This blog post explores various approaches to access management, focusing on the flexibility provided by tenants, child tenants, and multi-tenancy.
Access management is necessary for any application. Whether you serve individuals or Fortune 500 customers, your app will need a way to grant and restrict access to specific resources for specific organizations or end users.
This blog post explores various approaches to access management, focusing on the flexibility provided by tenants, child tenants, and multi-tenancy.
To understand the full capabilities of access management with Userfront, it is important to understand a few core concepts.

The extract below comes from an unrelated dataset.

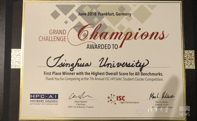 清华代表队荣获2018国际大学生超算竞赛总冠军

In Userfront, a tenant represents a workspace, team, or organization within an application. Each tenant can have multiple users, each assigned specific roles. This allows for granular control over who can access what within the tenant. For instance, roles like admin, author, or developer can be customized to fit the specific needs of the application.
Key Features:
Child tenants are useful for organizations that require a hierarchical structure within their access management framework. For example, a parent company might have multiple subsidiaries, each functioning as a child tenant. This setup allows for centralized control while delegating specific access and management capabilities to the child tenants.
Key Features:
Multi-tenancy is a model that allows multiple independent instances of one or more applications to operate in a shared environment. Each tenant is isolated from the others, ensuring data security and privacy while sharing the same infrastructure.
Key Features:
Let’s look at an example. In the above diagram, “Your Service” is your application. The top-level “Customer account” is a tenant within your application. In this instance, the customer has sub-projects, each with multiple users — each of these projects would be considered child tenants.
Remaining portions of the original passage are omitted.